- DIRECTIONS FOR THIS TASK:
Where the line with "Conçu pour la" appears below, start writing out lines exactly, and finish with the line with "مشروبات صوصات متنوعة", which is included; write out nothing else.

- DATA FOR REVIEW:
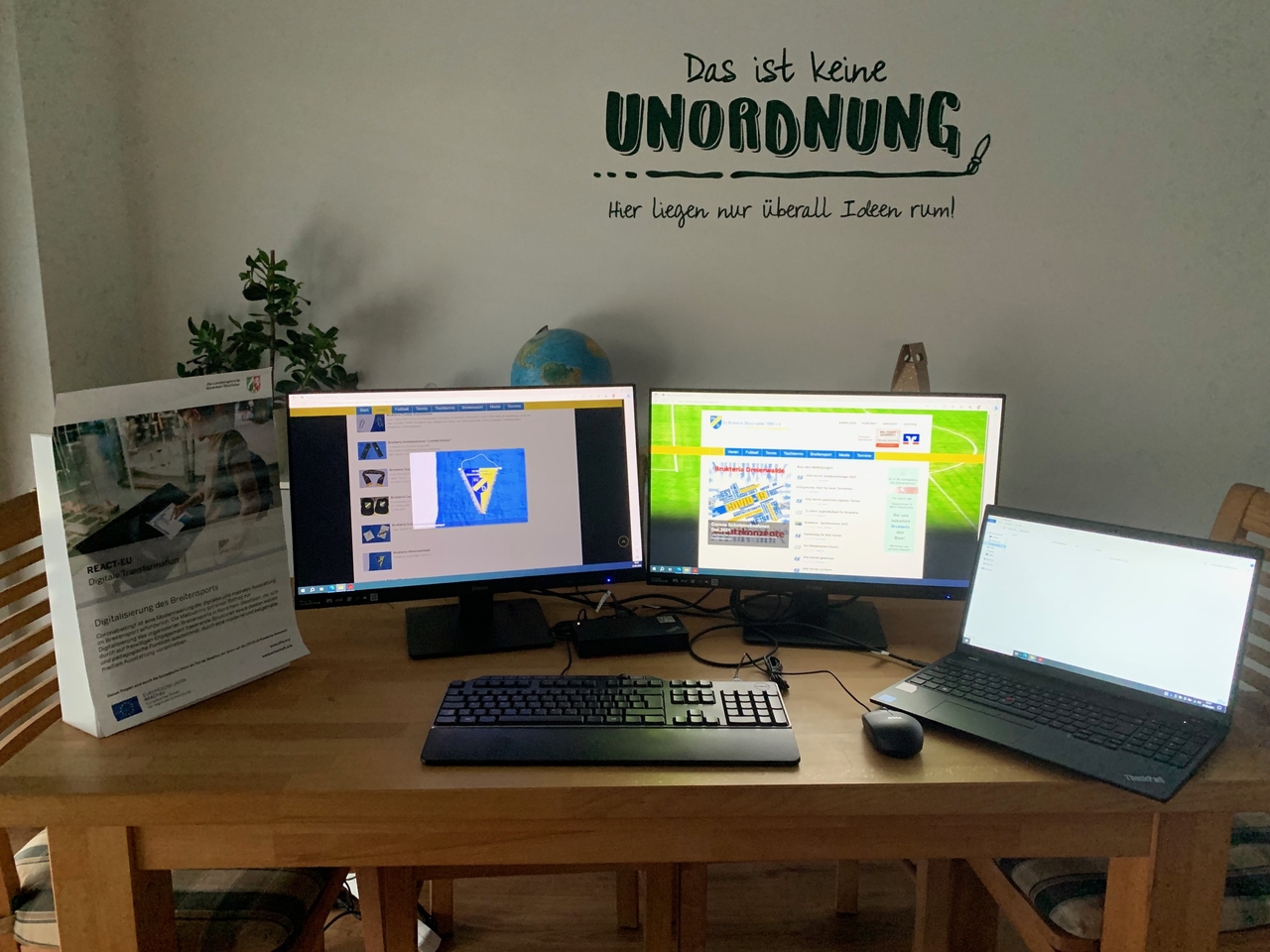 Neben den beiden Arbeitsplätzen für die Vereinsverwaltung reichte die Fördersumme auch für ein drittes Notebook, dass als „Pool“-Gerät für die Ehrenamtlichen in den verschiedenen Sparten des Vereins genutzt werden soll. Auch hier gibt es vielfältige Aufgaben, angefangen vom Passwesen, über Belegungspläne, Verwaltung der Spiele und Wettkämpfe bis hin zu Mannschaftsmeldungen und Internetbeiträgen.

---

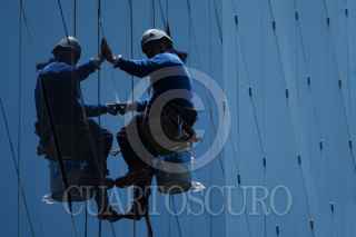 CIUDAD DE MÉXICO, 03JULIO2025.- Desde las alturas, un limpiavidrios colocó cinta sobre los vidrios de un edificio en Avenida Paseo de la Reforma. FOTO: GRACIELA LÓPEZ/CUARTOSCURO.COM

==

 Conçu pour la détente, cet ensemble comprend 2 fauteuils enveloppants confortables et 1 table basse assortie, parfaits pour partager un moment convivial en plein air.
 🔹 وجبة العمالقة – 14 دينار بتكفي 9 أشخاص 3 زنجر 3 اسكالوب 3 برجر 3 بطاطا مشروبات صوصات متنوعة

- EXERCISE SOLUTION:
 Conçu pour la détente, cet ensemble comprend 2 fauteuils enveloppants confortables et 1 table basse assortie, parfaits pour partager un moment convivial en plein air.
 🔹 وجبة العمالقة – 14 دينار بتكفي 9 أشخاص 3 زنجر 3 اسكالوب 3 برجر 3 بطاطا مشروبات صوصات متنوعة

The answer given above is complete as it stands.